Очевидно, чтобы придать статье живость, публицист берет два непосредственных примера из немецкой жизни, иллюстрирующих анализируемые им интеллектуальные поиски. Но выбранные примеры довольно странные. Один из них связан с образом некоего проповедника природной жизни, которого он лично встречал в баварской деревне — этот человек, скульптор, разгуливал в одеждах, похожих на индийские сари, и призывал жить на лоне природы, причем пользовался популярностью среди немцев. Обращаясь к личной истории этого модного проповедника, Рейснер делает акцент на том, что тот выбрался из ужасающей бедности, все детство провел в тяжких трудах, и только случай помог ему стать сначала помощником скульптора, затем скульптором, и наконец — модным гуру. Интонация ученого при описании баварского чудака меняется от глубокого сочувствия при описании детства до сарказма по поводу его позднейшего поведения. К подобным гуру, хорошо вписавшимся в тренд, он относит и Айседору Дункан, о которой много читал и слышал, ибо она действительно стала невероятно популярной в Германии с 1902 года. Оптика ученого понятна: с одной стороны, он разоблачает ужасы капитализма, но защищает достижения цивилизации, с другой — осуждает ловкость модных проповедников новых форм жизни и недалекость людей, им доверяющих. Будучи сфокусированным на социально-политических и отчасти антропологических аспектах современной жизни, Рейснер, по всей вероятности, остается безучастным как к зарождению философии нового отношения к телу в Германии и соседних странах в начале XX века, так и к эстетическим поискам того времени. Движение Lebensreform и, в частности, та его часть, которая относилась к Frei Körper Kultur[312]

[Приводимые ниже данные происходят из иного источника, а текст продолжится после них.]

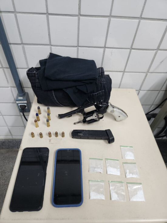 Na abordagem, os policiais encontraram com os suspeitos um revólver calibre .38 com numeração suprimida, um carregador de pistola calibre .380, além de munições e pequenas porções de drogas. Os homens também portavam dois aparelhos celulares, que serão periciados para auxiliar nas investigações.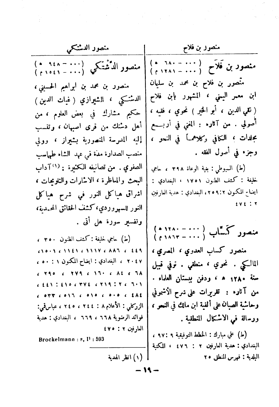 (ط) السيوطي: بغية الوعاة 398، حاجي خليفة: كشف الظنون 1751، البغدادي: ايضاح المكنون 2: 259، البغدادي: هدية العارفين 2: 474 منصور كساب (000 - 1280 هـ) (000 - 1863 م) منصور كساب العدوي، المصري، المالكي.

, судя по всему, его не особенно увлекали. Поэтому примеры, использованные в статье профессора, и выглядят несколько гротескными, выхваченными из контекста, хотя его анализ текстов немецких авторов впечатляет своей обстоятельностью и глубиной.К 1903 году движение «реформы жизни» стало распространяться как в Германии, так и в соседних странах: уже появилась весьма специфическая коммуна Монте-Верита в деревне Аскона в Швейцарии, где собравшиеся представители творческой интеллигенции коллективно искали способы альтернативного образа жизни, проповедовали вегетарианство, нудизм и дискутировали об установлении на земле царства свободы и любви[313]

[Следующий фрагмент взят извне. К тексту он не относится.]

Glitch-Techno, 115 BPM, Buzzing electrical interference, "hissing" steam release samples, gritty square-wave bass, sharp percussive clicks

. И если особая культура освобожденного тела окончательно оформилась в Германии только к 1910-м годам[314], то ростки новых идей уже зарождались именно в то время, когда профессор Рейснер находился там[315]. Кроме того, начало века в Германии стало временем женской эмансипации, которая «вошла теперь в каждый аспект современной жизни: юридический, моральный, социальный и сексуальный»[316]. Интерес к Древней Греции (к которому взывала и Дункан), к освобождению женщины, к новому танцу — все это способствовало возникновению своего рода «культа Айседоры», зародившегося в Мюнхене[317].Дункан попала в статью профессора, очевидно, потому, что о ней писали очень много и мнения делились на крайне восторженные и резко критические. Обзор ранних немецких публикаций, сделанный современной немецкой исследовательницей Эвелин Дёрр, показывает, что популярность танцовщицы уже с 1902 года была невероятной как в Австро-Венгрии, так и в Германии, особенно в Мюнхене, считавшемся своего рода центром движения за «реформу жизни»[318]

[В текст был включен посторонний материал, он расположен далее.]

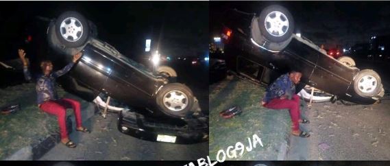 According to an eyewitness, the car somersaulted several times almost claiming the life of the comedian.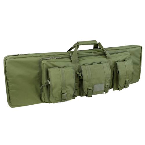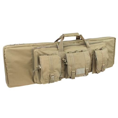 Condor 36-inch Double Rifle Case. The Condor 36" Double Rifle Case is designed to carry two primary weapons, with the addition 26" compartment for pistol, optic, SMG or other accessories. It comes with 3 modular pouches that combined holds up to 14 M4 magazines. The padded divider separates the two rifles and the entire case is fully padded for maximum protection. The double rifle cases are available in 36" (151), 42" (152) and 46" (159). Condor 36-inch Double Rifle Case Features: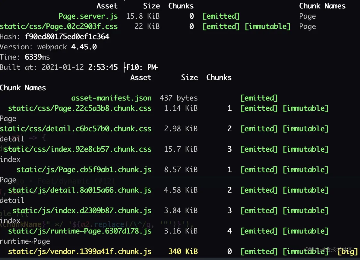 Page.server.js 大小为 15.8kb,客户端bundle分成了 page.chunk index.chunk detail.chunk 由 page.chunk 在运行时动态加载 index.chunk 和 detail.chunk。同样 css 文件也进行了分块

— там Айседору приняли с особенным энтузиазмом. Аншлаги сопровождали Дункан в Мюнхене начиная с ее самого первого выступления в Кюнстлерхаусе 26 августа 1902 года не только на концертах, но и на публичных лекциях. В Германии танцовщица опубликовала свой первый манифест «Танец будущего»[319], а годом позже открыла свою первую школу в Грюневальде. «Ее появление было воспринято как откровение, ее существование на сцене — как сенсация, и не только потому, что она появлялась босиком, но и потому, что она полностью отделилась от традиционного балета» — так объяснялась популярность танцовщицы в документах, хранящихся в Кюнстлерхаусе[320]. Однако часть сохранившихся рецензий все же оставляет впечатление, что Дункан бросила вызов многим зрителям. Некоторым из них не нравился «сентиментальный и претенциозный эллинизм», странное одеяние танцовщицы, «розовый образ Древней Греции»; Гуго фон Гофмансталь, например, назвал ее «профессором археологии» за страсть к выступлениям на темы античности[321]. Мнения разделились полярно: от уничижительного «танцующая няня» до «жрицы красоты» и женщины, «несущей культуру»[322]. Немецкие мыслители оценивали не только сам танец Дункан, но и оригинальную философию этого танца[323].